Thursday, July 16, 2009

The Politics of Jesus Chapter 2: The Kingdom Coming (Part 1)

In his book The Politics of Jesus, Yoder argues that John the Baptist was wrong about the nature of the fulfillment that Jesus brought, because John the Baptist expected Jesus to be a figure who would break the bondage of his people in some sort of literal or political sense. Yoder cautions, however, that he was not completely wrong to assume that Jesus brought a socio-political change. “If the difference had been of that character, Luke would have had to begin his story differently. There would have been some hint in these first three chapters to warn us of the impropriety of the hopes of Mary and Zechariah as well as John.”

Evidence that Jesus’ relation to John the Baptist was of political import:
-“John’s ministry had a pronounced political character, and to some extent, Jesus took up his succession” (29). He appeals to “the time linkage in Matt. 3:12.
-John’s instruction to his hearers for “an immediate community of consumption (Luke 3:11)” (29).
-The only “categories of listeners indicated by Luke in addition to the ‘multitudes’ (Matthew names Pharisees and Sadducees) are the socio-politically slanted publicans (3:12) and soldiers (3:14)” (29).
-According to Josephus (Antiquities xviii.5.2), “John’s imprisonment was connected with Herod Antipas’ fear that he might foment an insurrection” (29).
-The report of Jesus’ ministry “leads Herod to see him as a possible successor to John (9:7ff). He sets in juxtaposition his fate and that of John (16:16 and par)” (29).

The Temptations of Jesus: Luke 3:21-4:14
1. Yoder sees Jesus’ first temptation to turn the stones into bread as a temptation to become king by feeding his many followers and thus establish himself as their earthly leader. Jesus would not have been satisfied by crusty bread, Yoder argues, but by establishing an earthly kingdom (which was a temptation throughout his ministry). “That this is no idle imagination, the later story was to demonstrate. Feed the crowds and you shall be king” (31).

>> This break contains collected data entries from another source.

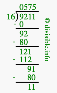 The image displays 575 at the top, which is the quotient, and 11 at the bottom, which is the remainder. Therefore, the answer to 9211 divided by 16 (9211 ÷ 16) using long division is 575 remainder 11, or simply 575 R 11.
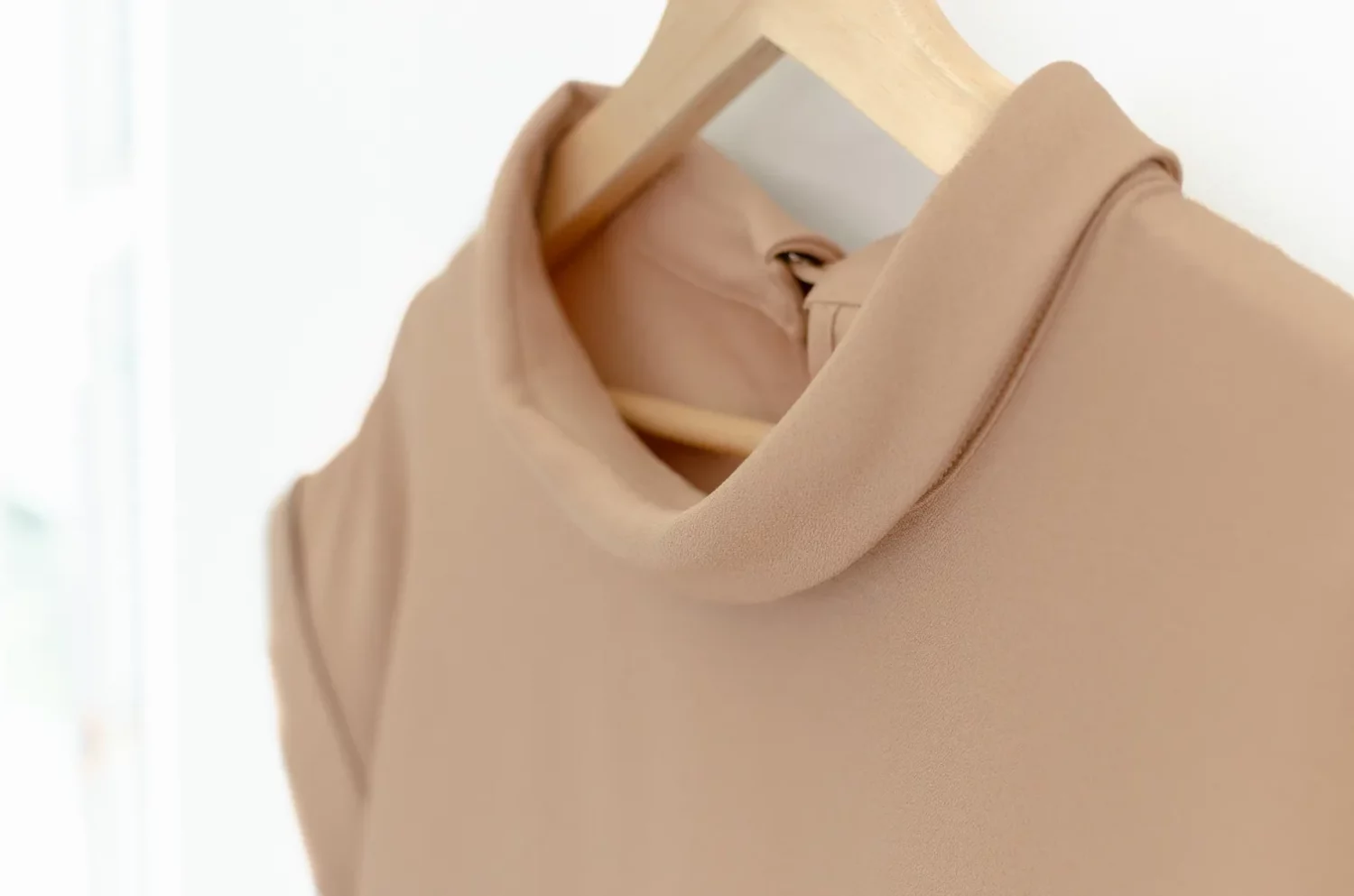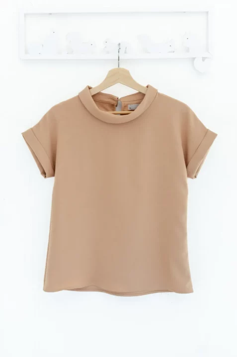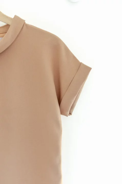 เสื้อดีไซน์ทรงคอม้วน ทรงแขนล้ำพับปลายแขนและเย็บฟิกซ์ ด้านหลังปกแหลม ผ่าหยดน้ำ ติดกระดุม รอบนี้เป็นผ้าโฟร์เวย์ ลายจากการทอผ้าจะเหมือนเนื้อทรายเพราะเส้นใยฟูนิดๆ แต่สัมผัสนิ่ม ผ้ายืดได้นิดๆ ทรงคลาสสิกใส่ได้ตลอดกาลเลย
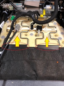 Zip-tie both LH seat back heater and sensor harnesses onto spring mat
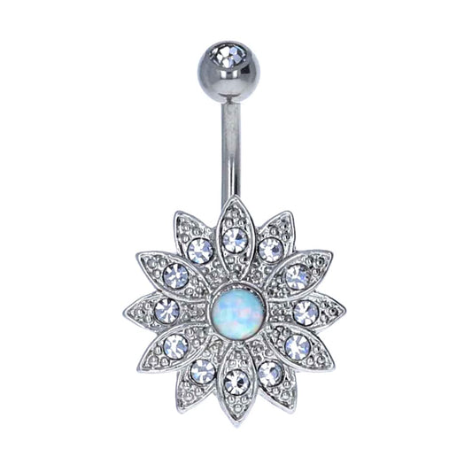 Crystal + Opal Flower Navel Barbell 14g
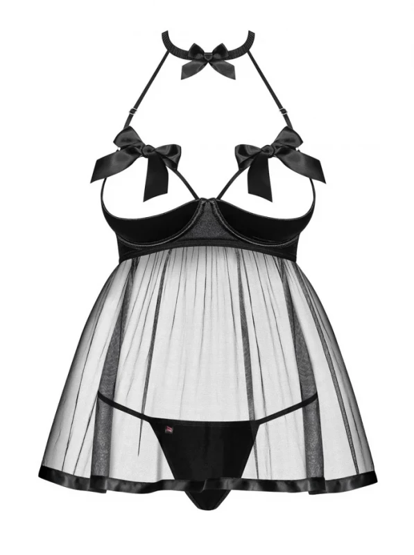 Пеньюар с открытым бюстом "Obsessive Delishya" черный, S/M
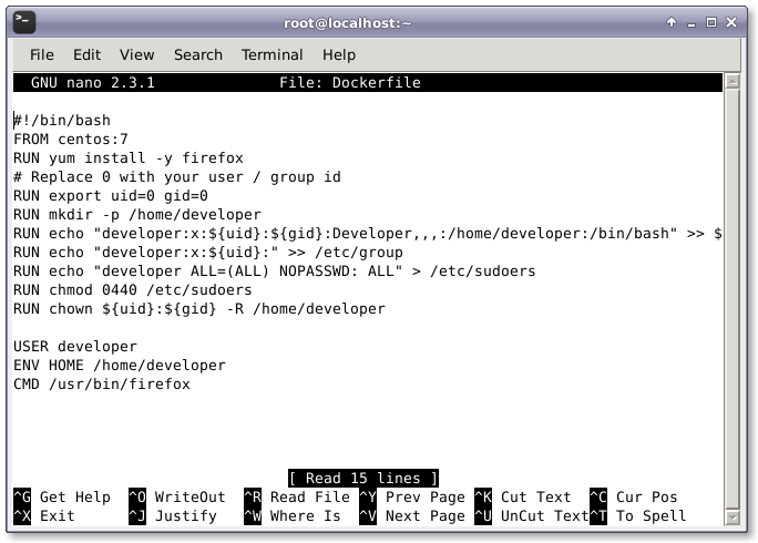 现在,Docker守护进程已经在运行中了,我们现在准备创建自己的Firefox Docker容器。我们要创建一个Dockerfile,在其中我们要输入需要的配置来创建一个可以工作的Firefox容器。为了运行 Docker 镜像我们需要使用最新版本的CentOS。要创建 Docker 镜像,我们需要用文本编辑器创建一个名为Dockerfile的文件。
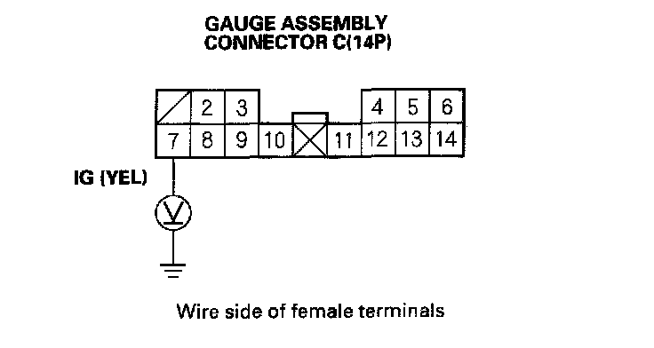 8. Check for voltage between gauge assembly connector terminal C10 (YEL) and body ground with the ignition switch turned ON (II). There should be battery voltage. If there is no voltage, check for a blown No. 9 (10 A) fuse in the driver's under-dash fuse/relay box or an open in the wire.
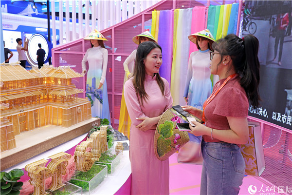 參觀者在東博會越南展區(qū)同工作人員咨詢交談。人民網(wǎng)記者 趙益普攝
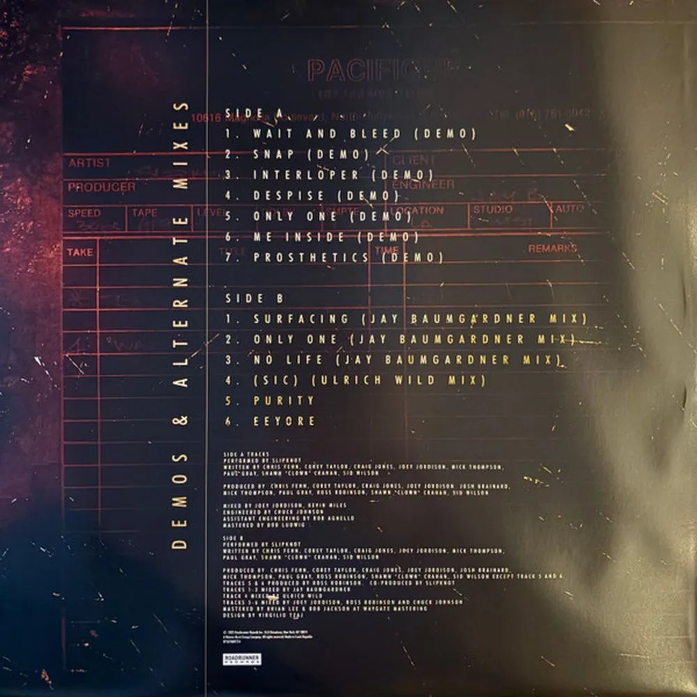 2LP - подарочное издание к 25-летию, красно-черный микс цветного винила, включающий оригинальный альбом, спродюсированный Россом Робинсоном, а также редкие и неизданные демо-записи и альтернативные миксы (переиздание 2025 года). Группа SLIPKNOT анонсировала SLIPKNOT (25th ANNIVERSARY EDITION) — переиздание делюкс-альбома, посвященное выходу их одноименного легендарного дебютного альбома, который дал группе толчок к успеху в 1999 году. Релиз состоится 5 сентября на лейбле ROADRUNNER RECORDS и увековечит творческий процесс группы в то время, когда «Айовская девятка» превратилась из молодой метал-группы, недавно подписавшей контракт, в неожиданную и неудержимую культурную силу, которая изменила представление о тяжелой музыке для нового поколения. Альбом включает в себя оригинальный альбом, спродюсированный Россом Робинсоном, а также редкие и неизданные демо-записи и альтернативные миксы. Он выйдет на двух CD или двухLP Red & Black Mix с совершенно новой обложкой.

Yoder's interpretation of the first temptation differs quite dramatically from that of many traditional commentators. One example of this is Calvin, who argued that this was not a temptation to physical food - for himself or for others - but rather a temptation to disbelieve the Scriptures. Calvin concludes this from the verse which Jesus quotes to defeat the Tempter: "Man shall not live by bread alone but by every word that proceeds out of the mouth of God." I can't help but feel that Yoder's interpretation of the first temptation attempts to place political temptation where the text makes no such indication.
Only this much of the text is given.